Your "you can only sample at 'now'" restriction isn't tight enough, I think. It needs to be a bit stronger to avoid looking into the past. Since you are using an environmental conception of now, I would define the behavior construction functions in terms of it (so long as now cannot advance by the mere execution of definitions, which, per my last answer, would get messy). For example:
Stepper(i,e) is a behavior with the value i in the interval [now,e1] (where e1 is the
time of first occurrence of e after now), and the value of the most recent occurrence of e afterward.
With this semantics, your prediction about the value of stepper that got you into this conundrum is dismantled, and the stepper will now have the value 0. I don't know whether this semantics is desirable to you, but it seems natural enough to me.
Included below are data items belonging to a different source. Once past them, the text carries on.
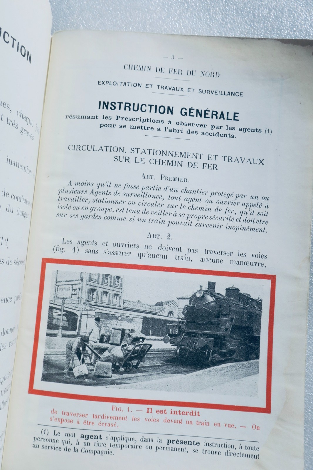 Instruction générale résumant les prescriptions à observer par les agents pour se mettre à l’abris des accidents – Chemin de Fer du Nord , Exploitation et Travaux et Surveillance
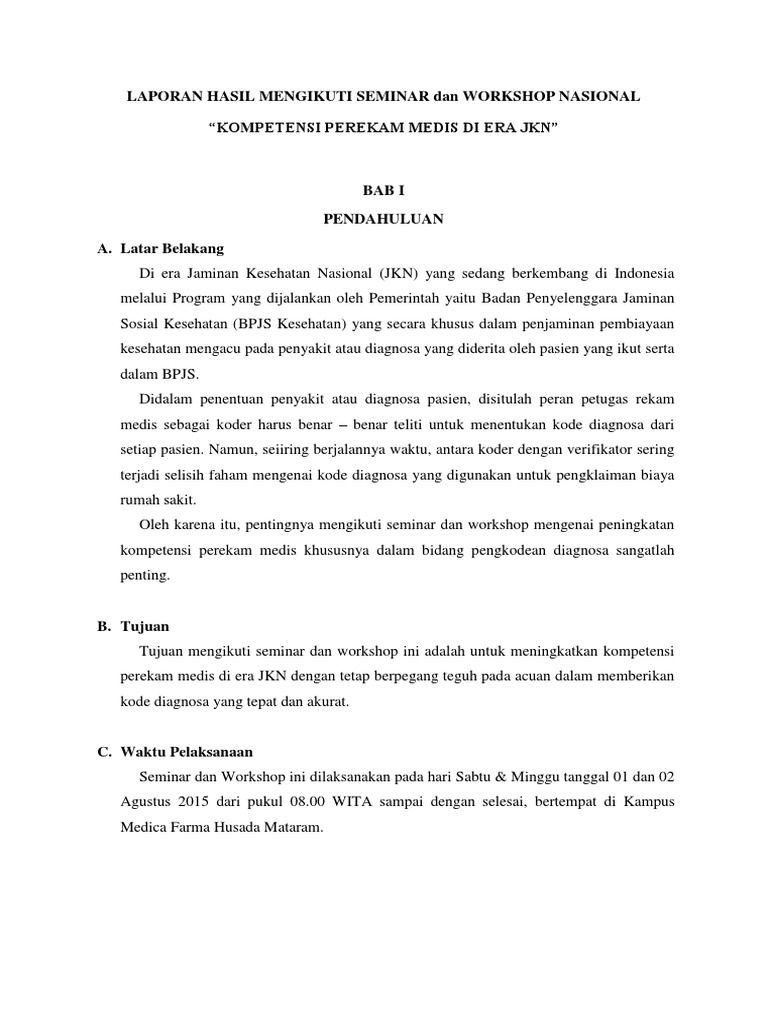 Contoh pendahuluan laporan seminar. Berikutnya adalah contoh laporan kegiatan pelatihan. Contoh Laporan Wawancara Yang Ditulis Dalam Bentuk 4 Contoh Laporan Perjalanan. Contoh Laporan Hasil Seminar Budaya Literasi untuk Generasi Emas bagi Guru Pembelajar.
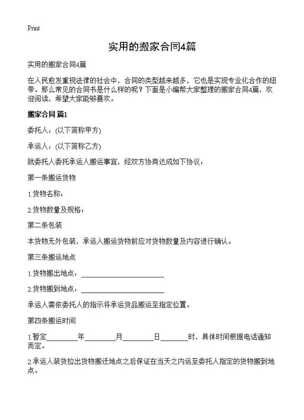 搬家合同是确保搬家过程顺利、避免纠纷的重要法律文件。一份实用的搬家合同应明确双方的权利和义务,包括服务内容、费用明细、时间安排、物品损坏赔偿等关键条款。合同还应涵盖特殊情况处理方式,如天气延误或额外服务需求。清晰的条款能保护客户和搬家公司的合法权益,减少误解风险。建议在签约前仔细阅读合同细节,必要时咨询法律专业人士,确保合同公平合理且符合当地法规要求。

From what I can tell, you are worried about a race condition: what happens if an event occurs while the code is executing.
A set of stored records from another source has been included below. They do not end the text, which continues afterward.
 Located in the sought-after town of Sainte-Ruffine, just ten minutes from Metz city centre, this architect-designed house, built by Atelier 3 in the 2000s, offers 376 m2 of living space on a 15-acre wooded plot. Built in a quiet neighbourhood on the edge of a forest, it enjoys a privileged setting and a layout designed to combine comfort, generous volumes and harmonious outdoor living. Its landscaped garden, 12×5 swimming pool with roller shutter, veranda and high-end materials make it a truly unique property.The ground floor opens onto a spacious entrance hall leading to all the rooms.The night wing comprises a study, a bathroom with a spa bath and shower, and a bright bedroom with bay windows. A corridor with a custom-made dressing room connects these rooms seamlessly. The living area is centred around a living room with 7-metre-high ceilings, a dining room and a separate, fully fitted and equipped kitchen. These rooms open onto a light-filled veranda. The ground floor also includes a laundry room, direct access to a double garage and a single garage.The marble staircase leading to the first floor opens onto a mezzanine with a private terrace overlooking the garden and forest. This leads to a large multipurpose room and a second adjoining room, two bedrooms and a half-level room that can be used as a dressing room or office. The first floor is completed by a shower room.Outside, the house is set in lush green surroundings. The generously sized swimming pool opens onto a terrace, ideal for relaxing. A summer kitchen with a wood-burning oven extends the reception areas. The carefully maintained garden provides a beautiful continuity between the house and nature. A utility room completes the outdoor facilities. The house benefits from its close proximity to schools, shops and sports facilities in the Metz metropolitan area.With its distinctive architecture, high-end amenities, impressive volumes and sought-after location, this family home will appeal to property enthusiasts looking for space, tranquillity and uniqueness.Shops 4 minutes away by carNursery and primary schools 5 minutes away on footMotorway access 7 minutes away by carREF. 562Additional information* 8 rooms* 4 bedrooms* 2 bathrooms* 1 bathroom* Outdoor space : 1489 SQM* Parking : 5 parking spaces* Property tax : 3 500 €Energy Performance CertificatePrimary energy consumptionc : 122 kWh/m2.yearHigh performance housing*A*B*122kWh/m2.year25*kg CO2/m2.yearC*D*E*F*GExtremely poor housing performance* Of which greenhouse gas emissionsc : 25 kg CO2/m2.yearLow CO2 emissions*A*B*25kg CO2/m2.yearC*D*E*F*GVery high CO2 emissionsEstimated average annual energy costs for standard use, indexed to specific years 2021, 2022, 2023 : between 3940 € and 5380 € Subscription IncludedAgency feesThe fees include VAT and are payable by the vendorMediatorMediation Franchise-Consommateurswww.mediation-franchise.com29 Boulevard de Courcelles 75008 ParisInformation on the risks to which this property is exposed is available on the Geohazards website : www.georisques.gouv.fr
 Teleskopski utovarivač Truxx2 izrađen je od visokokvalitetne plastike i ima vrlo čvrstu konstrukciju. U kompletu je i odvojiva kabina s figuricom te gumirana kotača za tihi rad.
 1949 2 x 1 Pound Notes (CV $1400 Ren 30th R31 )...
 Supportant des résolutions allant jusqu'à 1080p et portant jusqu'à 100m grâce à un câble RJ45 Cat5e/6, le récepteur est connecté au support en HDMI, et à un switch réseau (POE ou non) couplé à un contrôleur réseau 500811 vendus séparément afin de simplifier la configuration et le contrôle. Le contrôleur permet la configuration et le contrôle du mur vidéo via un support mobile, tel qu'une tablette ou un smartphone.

Purely functional code does not like to have to know that it gets executed. Functional techniques are at their finest in the pure setting, such that it does not matter in what order code is executed. A way out of this dilemma is to pretend that every change happened in one sensitive (internal, probably) piece of imperative code; pretend that any functional declarations in the FRP framework happen in 0 time so it is impossible for something to change during their declaration.
Nobody should ever sleep, or really do anything time sensitive, in a section of code that is declaring behaviors and things. Essentially, code that works with FRP objects ought to be pure, then you don't have any problems.
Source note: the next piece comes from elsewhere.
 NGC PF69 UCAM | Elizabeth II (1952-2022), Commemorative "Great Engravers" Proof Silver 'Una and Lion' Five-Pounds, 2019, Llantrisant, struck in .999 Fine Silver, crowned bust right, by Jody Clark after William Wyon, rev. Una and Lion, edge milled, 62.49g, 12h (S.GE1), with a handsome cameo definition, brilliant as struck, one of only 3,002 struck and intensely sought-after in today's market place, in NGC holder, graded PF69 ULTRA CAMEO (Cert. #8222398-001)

This does not necessarily preclude running it on multiple threads, but to support that you might need to reorganize your internal representations. Welcome to the world of FRP library implementation -- I suspect your internal representation will fluctuate many times during this process. :-)
I'm confused about your confusion. The way I see is that Stepper will "set" the behavior to a new value whenever the event occurs. So, what happens is the following:
The instant in which the event mouseB occurs, the value of the slider behavior will be read (snapshot). This value will be "set" into the behavior stepper.
So, it is true that the Stepper will "remember" values from the past; the point is that it only remembers the latest value from the past, not everything.
Semantically, it is best to model Stepper as a function like luqui proposes.